[uf-rest] REST opacity and URL schemes.

Charlie Savage cfis at interserv.com
Sat Apr 22 23:50:46 PDT 2006



Dan Kubb wrote:
> Hash: SHA1
>>> * If "/books/4" represents the "record", the PUT would need to 
>>> contain _everything_ about that record; synthesizing additional 
>>> fields (like last modified) seems like 'cheating', and inconsistent 
>>> with PUT semantics
>> Could you tell me what other resources than 
>> http://www.w3.org/Protocols/rfc2616/rfc2616-sec9.html expand on this 
>> interpretation of PUT? My naive reading of 9.6 PUT seems to be that 
>> it talks all about updating and modifying. Not necessarily only 
>> complete replacements. But I'm new here, so perhaps I just have an 
>> incomplete picture.
>> I will say that PUT would seem a ton more useful if it didn't have as 
>> strict a usage pattern as you imply. If that's the case, PUT seems to 
>> be unusable for most web application purposes. And if that's the 
>> case, I really question whether its worth doing other-verbs-over-post 
>> mapping at all in Rails. Doesn't seem worth the trouble just to get 
> I think its important to separate what PUT was intended to do by
> the spec authors, and what PUT has been used for in specific
> implementations.
> People familiar with PUT normally think of it in a WebDAV way
> where it only makes sense to completely replace an existing file
> with a new file.  In most cases it doesn't make sense to replace
> a part of a file with a chunk of data.
> Just because its used this way in WebDAV doesn't mean that
> its the only way PUT can be used.
> The specs that David references is clear on the differences
> between POST and PUT:
>   The fundamental difference between the POST and PUT requests is
>   reflected in the different meaning of the Request-URI. The URI
>   in a POST request identifies the resource that will handle the
>   enclosed entity. That resource might be a data-accepting process,
>   a gateway to some other protocol, or a separate entity that
>   accepts annotations. In contrast, the URI in a PUT request
>   identifies the entity enclosed with the request -- the user
>   agent knows what URI is intended and the server MUST NOT attempt
>   to apply the request to some other resource. If the server
>   desires that the request be applied to a different URI, it MUST
>   send a 301 (Moved Permanently) response; the user agent MAY then
>   make its own decision regarding whether or not to redirect the request.

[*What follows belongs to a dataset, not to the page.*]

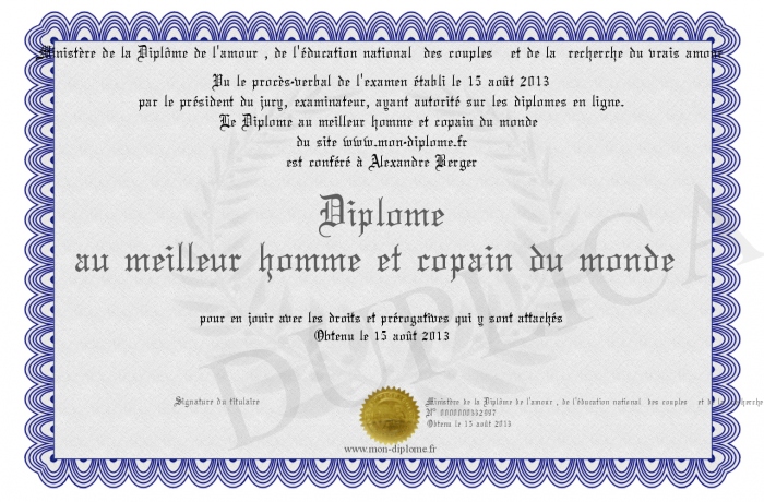envoyé par le Ministère de la Diplôme de l'amour , de l'éducation national des couples - et de la recherche du vrais amour !

>   (from http://rfc.net/rfc2616.html#s9.6)
> So this means that POST is a way of sending data to a resource
> that handles the request directly and/or can delegate the handling
> to something else at its discretion.  PUT is a way of changing
> the state of a resource explicitly identified by its URI.
> The spec is even pretty explicit that it doesn't dictate how PUT
> should be handled by the server:
>   HTTP/1.1 does not define how a PUT method affects the state of an 
> origin server.
>   (from http://rfc.net/rfc2616.html#s9.6)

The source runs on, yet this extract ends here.